Autograph Letter - Christoph Willibald Gluck
GLUCK, Christoph Willibald (1714-1787). Autograph letter signed (‘Gluck’) to [Franz Kruthoffer: ‘Dearest friend!’], Vienna, 30 September 1780.
In German. One page (235 x 190mm), bifolium, integral address panel, seal tears, note of receipt on the 13 October 1780 in Kruthoffer’s hand, (the two leaves stuck together at outer top corner). Provenance: Edwin Franko Goldman collection.
Lamenting the treatment of Echo et Narcisse; vowing never to return to Paris. Gluck must pen a hasty reply to catch the courier, noting: ‘The Emperor is in Bohemia, which is why the parcels arrived so late’. He thanks Kruthoffer for his news, apart from that concerning Mathon: ‘I thought that, as he had been given so much time to pay, he could be distrained, for he deserves no further consideration.’ He continues, ‘As regards the opera Echo, I had not imagined that the directors of the opera house would treat it so contemptuously, because the profit is theirs.
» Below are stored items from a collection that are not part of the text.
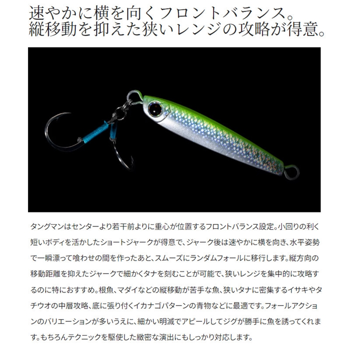 高比重タングステン素材の特性を活かし、ややフロントバランスの薄型フラットサイドボディを採用した「タングマン」。強い明滅を伴いランダムにアクションを変化させるすばやい水平バイブレーションフォールと、速やかに横を向く軽やかなジャークアクションが特徴。癖がなく扱いやすいので、パイロットルアーとしておすすめです。タングマンH 40g/50gには初めからTYPE-LJアシストSSサイズが付属。パッケージから出してすぐにご使用いただけます。[24new16][24sawaracasting]
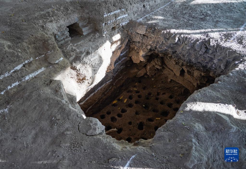 11月4日拍攝的“田字房”建筑臺基基槽底部密集的地釘孔和其上方的排水暗溝。
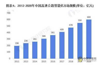 根据高速公路建设投资情况和中国智能交通协会公布的数据,2012-2020年,中国高速公路智能化市场规模从198亿元增长至600亿元,呈现不断上升的趋势,随着中国高速公路智能化建设的进一步发展,市场规模将持续攀升。
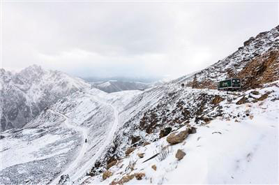 其美多吉与同事驾车行驶在雪线邮路上。
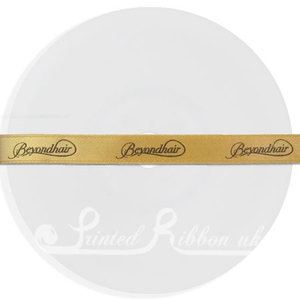 A 25m roll (approx) of GOLD 10mm wide high quality double faced satin bespoke personalised ribbon. 10mm custom printed ribbon is ideal for wedding favours, Civil ceremonies, Christenings and Naming Days, Birthdays, Wedding Anniversaries, gifts for corporate clients or to add branding to your products etc. Our personalised ribbon looks lovely tied round favour boxes, party boxes, photo albums, invitations, jewellery boxes or organza bags to give that personal touch for your guests or clients. As the ribbon is woven edge double faced satin, the reverse side is the same quality as the printed side. Unlike other ribbon printers, no set up / origination or artwork charges apply. There is no maximum message print length, print as much (or little) as you like onto the ribbon. A motif, graphic or company logo, if required, is included in the price. If you require a larger print run than 25m for a function, event or custom printed ribbon for a business, please contact us for an individual competitive quotation. The more you buy the more you save per printed metre! Designing your own personalised ribbon - simply advise the message you want to be printed on the satin ribbon, the printing colour for text and your font choice. Most popular fonts are:
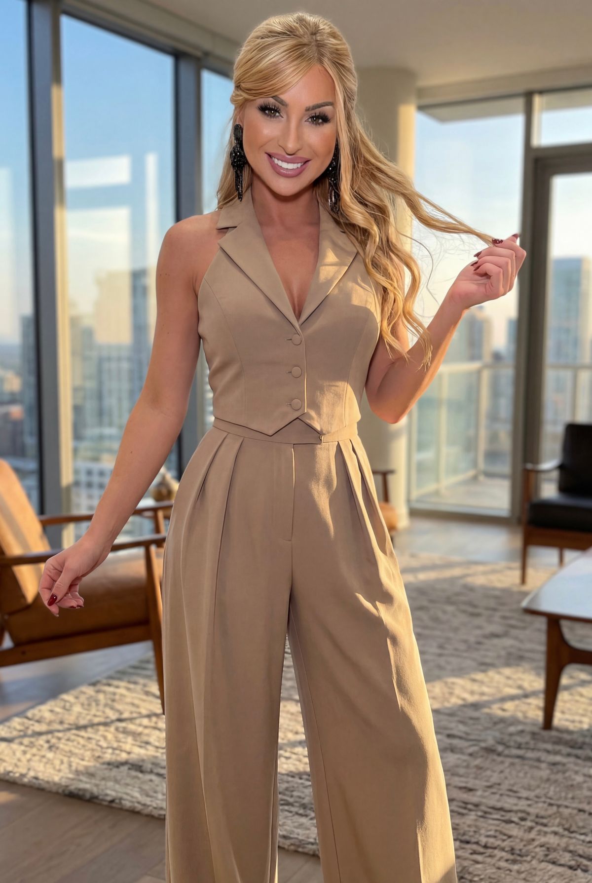 More informationLooking for a business-like outfit for your office meetings, one that makes you feel incredibly empowered, glamorous, and with that chic touch that defines you? We have the solution with this fabulous set. It's a stunning vest top with a visible gold zipper at the back. It features off-the-shoulder styling with a beautiful lapel and faux button detailing at the front. The fabric is non-stretch. The high-waisted, wide-leg trousers will flatter your figure and elongate your legs. They also have side pockets. The darts at the sides add volume to the hips, creating a smaller waist and a more streamlined silhouette. For more information about sizes, please contact me via WhatsApp: +34 623 449 119
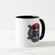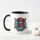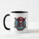 Cette tasse à café en céramique bicolore est montrée avec l'image d'un crâne de pirate des deux côtés de la tasse. Noir à deux tons Customisez cet article ou achetez tel quel. Image sous licence
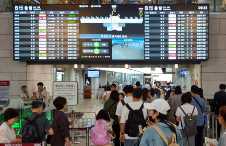 이날 오후 1시께 점심시간이 지나면서 동서울종합터미널에도 사람들이 몰려들었다. 귀성객들은 저마다 목적지는 다르지만 고향에 간다는 설레는 마음으로 버스 시간표를 확인했다.
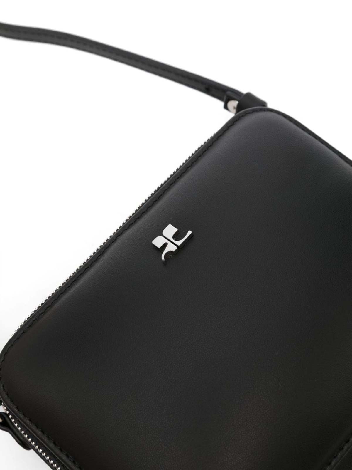 スモールクラウドショルダーバッグブラックシルバートーンロゴプレートトップジッパーシングルフラットトップスリップポケットオールラウンドジッパーとメインコンパートメント
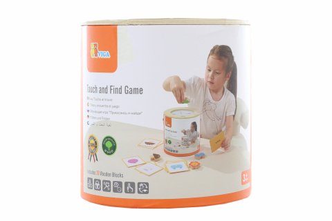 Hra Chytni a najdi. Balení obsahuje 20 kostek, papírový kyblík , 20 hracích karet a víko. Rozměry balení cca 16 x 15,5 cm. Věk 3+
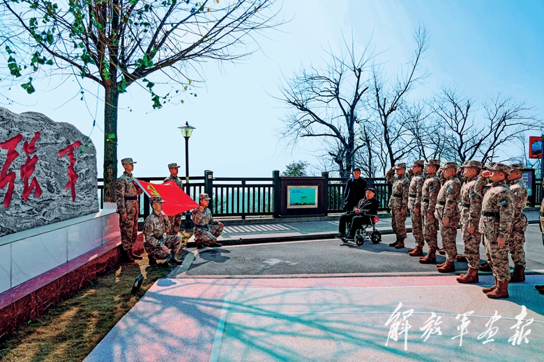 南部战区空军某旅雷达站老连长邓传友和老指导员李平坤回到军营忆战史、讲传统、话强军,鼓励官兵赓续好传统、传承好作风,为强军事业做出新的更大贡献。图为在两位老兵的见证下,雷达站党员重温入党誓词。(摄影/李彦晓)
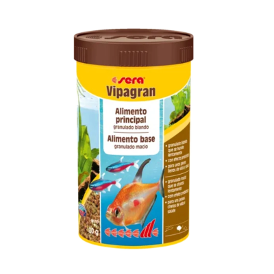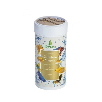 Alimento composto em flocos com alto teor de farinha vegetal formulado para satisfazer as necessidades nutricionais de peixes tropicais herbívoros de água doce.
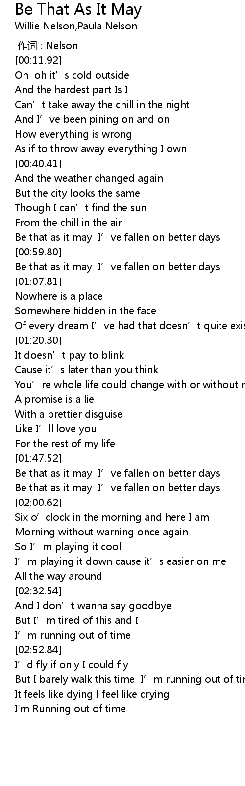 | [00:54.19] | Be that as it may I’ve fallen on better days |
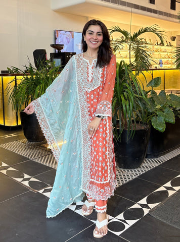 The highlight of this ensemble is the serene blue dupatta, intricately embroidered with dainty floral patterns and framed with scalloped lace borders.

As I now realise that they are not well-disposed, nothing will come of my return to Paris, for I will not become involved in any more quarrels’.
Having reached the zenith of his career just one year earlier, with the dazzling reception of Iphigénie en Tauride in Paris appearing to offer a final validation of his crusade to reform French and Italian opera, the revolutionary German composer Christoph Willibald Gluck had suffered a dramatic reversal of fortunes by 1780. The failure of Echo et Narcisse, his sixth and final opera for the French stage, compounded the effects of a stroke just before its premiere: in ill-health and having grown weary of defending his work against critics of his reforming style, he returned to Vienna, disenchanted. He lived the remainder of his days there in semi-retirement, while maintaining a foothold in the French capital chiefly through correspondence with Franz Kruthoffer (1740-c.1815), secretary to the Austrian diplomat the Comte de Mercy-Argenteau, and Gluck’s agent in the city. These missives were broad in their remit, ranging from revisions to Echo et Narcisse – which fared better when re-presented in 1781 – to difficulties with publishers: here, the art critic and essayist Charles-Joseph Mathon de la Cour (1738-1793), who published the scores for Armide and Iphigenie en Tauride, is seen to have failed in his contractual obligations as a publisher, neglecting to pay Gluck what he was due. Echo et Narcisse, due to be published by Mathon, was finally brought out by Deslauriens. Georg Kinsky, Glucks Briefe an Franz Kruthoffer, (1927), no 34.